На горах. Книга Первая - Мельников-Печерский Павел Иванович - Страница 73
- Предыдущая
- 73/148
- Следующая
Слыхал Никита Федорыч о нравах и обычаях тех домов и бегом пустился от них под гору. За ним раздались клики — ловить ли его хотели, грабить ли, бог их знает, но, благодаря резвости молодых ног, он успел сбежать к устью Зеленского съезда. Тут безопаснее. Едва переводя дух, сел он на тротуарную надолбу и стал раздумывать о покраденных часах. Ровно половина души с теми часами пропала у него… Вспоминал и о таинственной надписи. После, долго после того, как Брайтон подарил ему эти часы, один магистр-протопоп сказал ему, что писано на них по-гречески:"еос тис синтелиас ту эонос", что в этой надписи таится великий смысл и что по-русски она значит: «до скончания века», а треугольник с кольцом — знак масонов… Знак масонов!.. А тут встреча с фармазонкой и тотчас после встречи пропажа заветных часов!.. "Что же все это значит? — думает Никита Федорыч и, совсем истомленный духом и телом, опустил голову на руки, сидя на столбе.

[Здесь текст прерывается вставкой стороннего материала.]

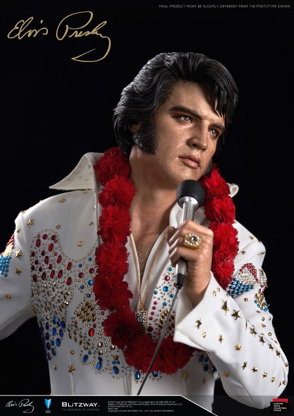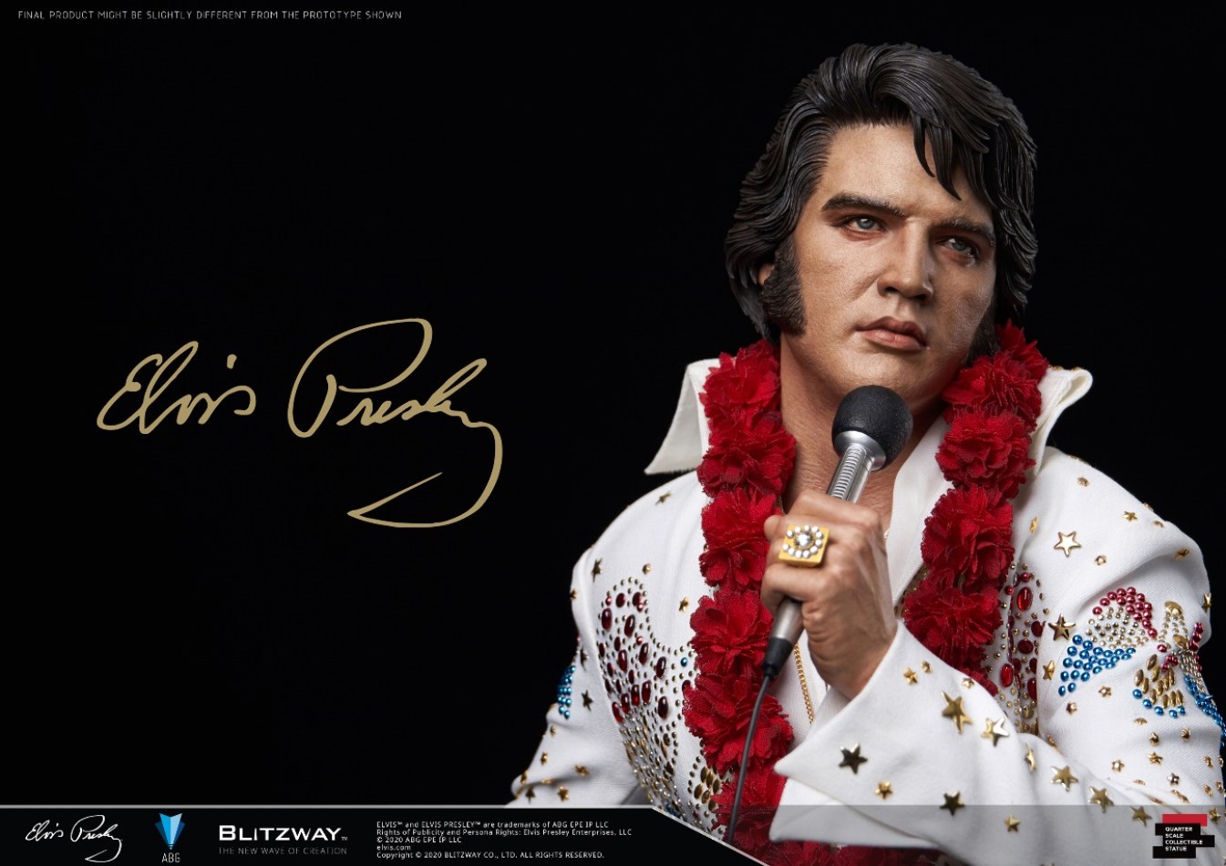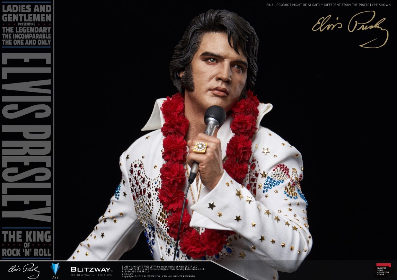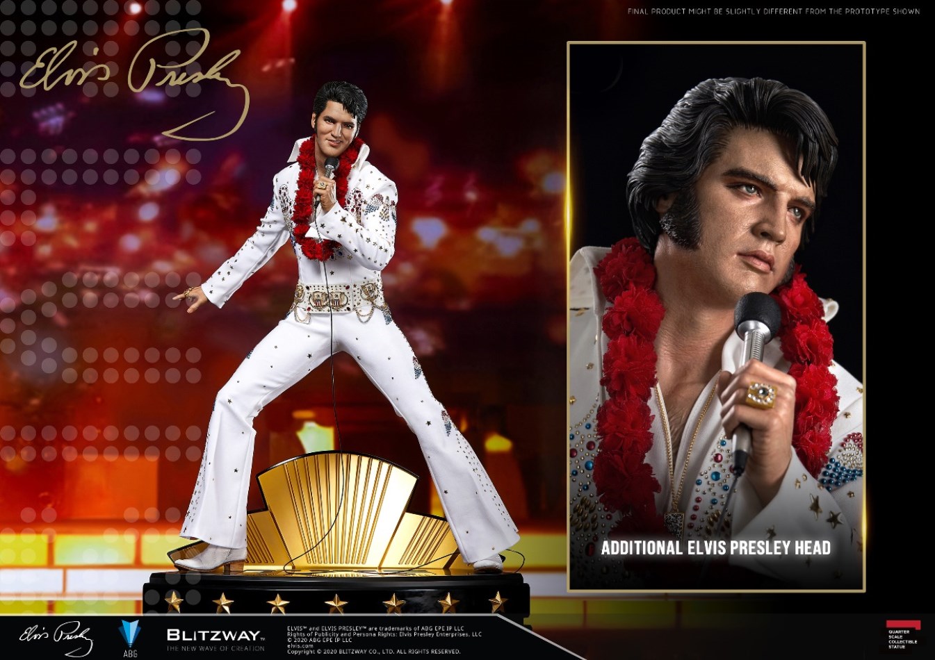 ถือเป็นข่าวดีต้อนรับปีใหม่ สำหรับคนที่สั่งจองงานปั้นของนักร้องแนวร็อคแอนด์โรลชื่อดังตลอดกาลอย่าง Elvis Presley ของค่าย Blitzway ซึ่งช่วงที่ผ่านมา หลังจากที่ทางค่ายได้เปิดรับจองงานปั้นนี้ ก็มีนักสะสมหลายคนเม้นไปทางค่ายว่ารูปลักษณ์ของงานปั้นส่วนหัวของเอลวิสดูเด็กเกินไปและดูไม่ค่อยเข้ากันกับเครื่องแต่งกายสีขาวคลาสสิกของเขา ทำให้ทาง Blitzway ตัดสินใจทำหัวของเอลวิสเพิ่มมาให้อีกหนึ่งหัวฟรีกันไปเลยเพื่อตอนแทนสำหรับแฟน ๆ ที่สนับสนุนงานปั้นของค่ายนี้ด้วยดีเสมอมา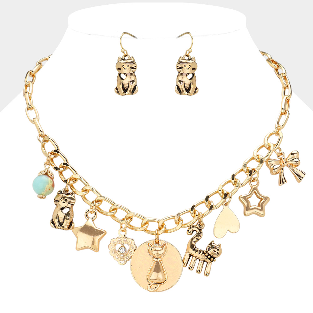 Bow Cat Star Heart Pendant Chain Necklace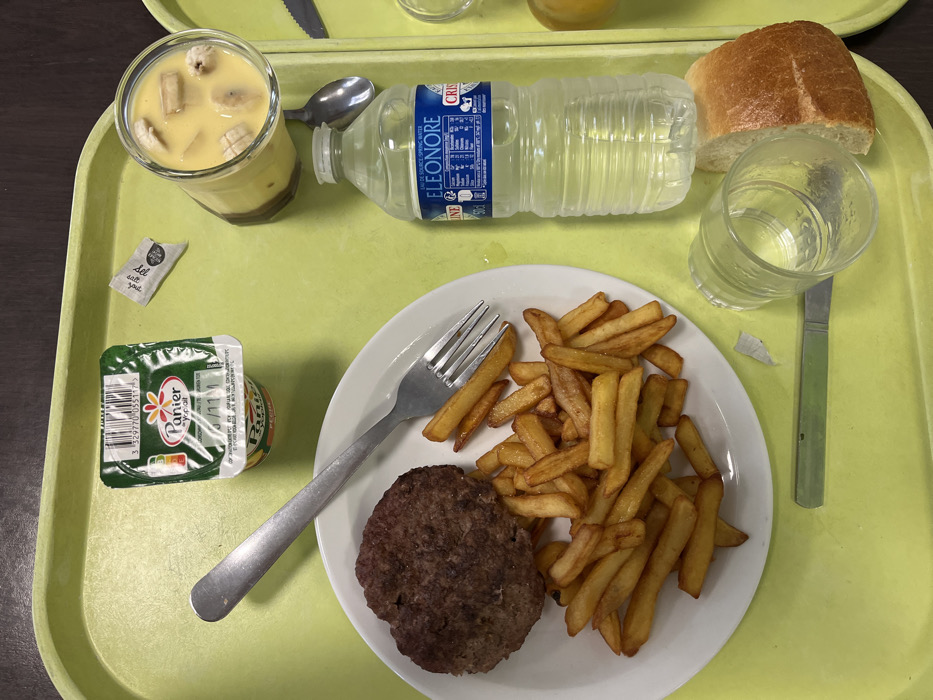 A light-green plastic cafeteria tray displays a prepared meal, observed from an overhead perspective in a French institutional cafeteria setting, likely within the city of Caen, France. The tray holds a white round plate centrally positioned, containing a large, cooked, brown beef patty on the left side and a generous pile of golden-brown french fries on the right. A silver-colored metal fork rests across the plate, with its tines pointing towards the fries. To the upper left of the plate, a green-lidded Panier de Yoplait brand yogurt cup, identified as "Pêche" (peach) flavor, is visible. Adjacent to it, a small white paper sachet labeled "Sel" (salt) rests on the tray. In the upper right quadrant of the tray, a clear glass contains a light yellow, viscous liquid with several irregular white pieces of fruit, consistent with sliced banana, floating within. A small silver spoon is partially visible behind this glass. Below the beverage glass, a 50cl clear plastic bottle of Cristaline Éléonore spring water stands mostly full, with its blue and white label clearly legible. Towards the bottom right of the tray, a section of white bread, resembling a piece of baguette, lies horizontally. An inverted clear plastic drinking glass rests partially on this bread and the tray. A silver-colored metal knife is positioned horizontally on the tray below the plate and the inverted glass, with its handle pointing left. A small, irregular piece of torn white paper is situated near the inverted glass. The background beyond the tray is dark, suggesting a tabletop or counter surface. A portion of another light-green tray or surface is visible along the far right edge of the image. No individuals are present in the scene. The meal appears recently assembled, awaiting consumption.
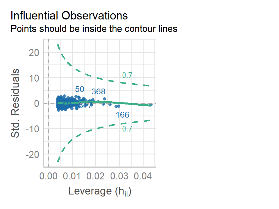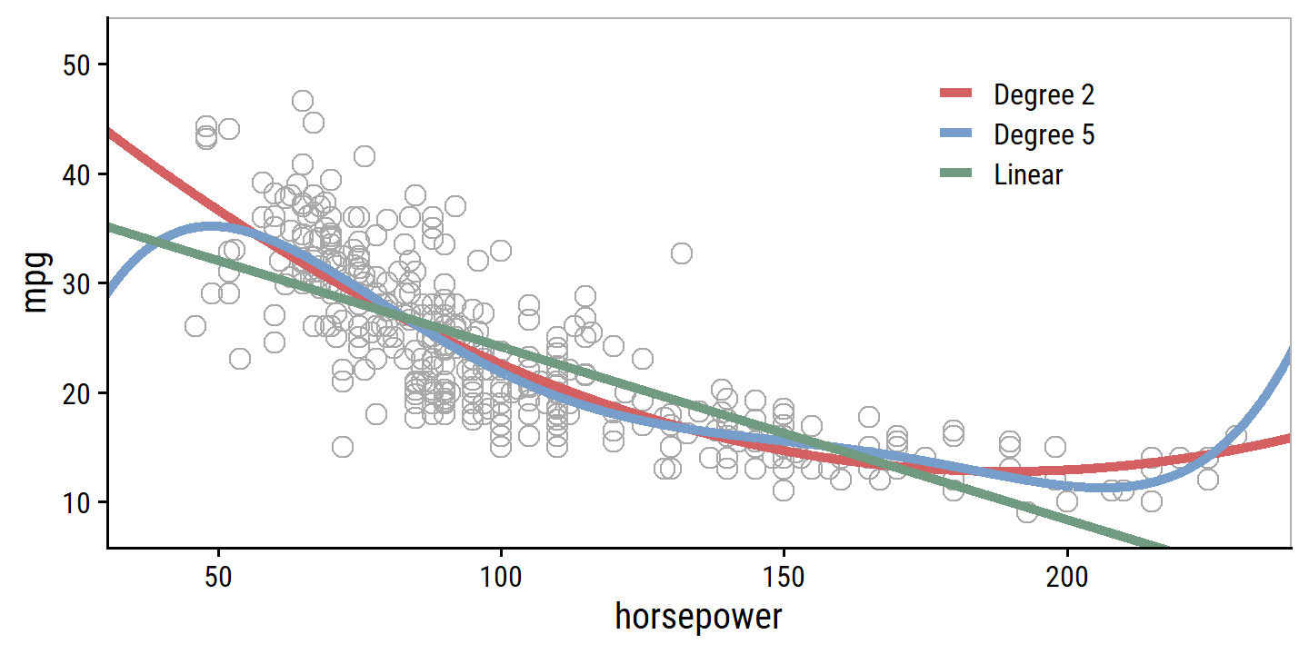 We recover the same regression coefficients: \(\beta_0\) = 7.03 and \(\beta_1\) = 0.048.

— Чего ты тут, — крикнул городовой. — Проваливай… Мошенники этакие!.. Спокою с вами нет! Хочешь к господину квартальному?
Как холодной водой обдало Меркулова. Встал он, и тотчас же раздался часовой бой… Девять… Только-то!. И когда бой перестал и начали играть куранты, в их звуках чудилось ему: «еос тис синтелиас ту эонос». ("…" — до скончания века. Надпись, употреблявшаяся как у масонов, так и у русских хлыстов образованного общества.)
Наняв ехавшего шажком порожняка, сел Никита Федорыч в пролетку и поехал вдоль по Нижнему базару к гостинице Бубнова, где жили Доронины. Пробежав наверх, свернул направо.
— Дома?
— Никак нет-с, не приезжали, — отвечал коридорный.
— Записочку напишу. Дайте, пожалуйста, бумажки да карандашик.
Отдав записку с приложеньем рублевки, Меркулов пошел назад. Проходя коридором, в полурастворенной двери одного номера увидал он высокую женщину в черном платье. Она звала прислугу.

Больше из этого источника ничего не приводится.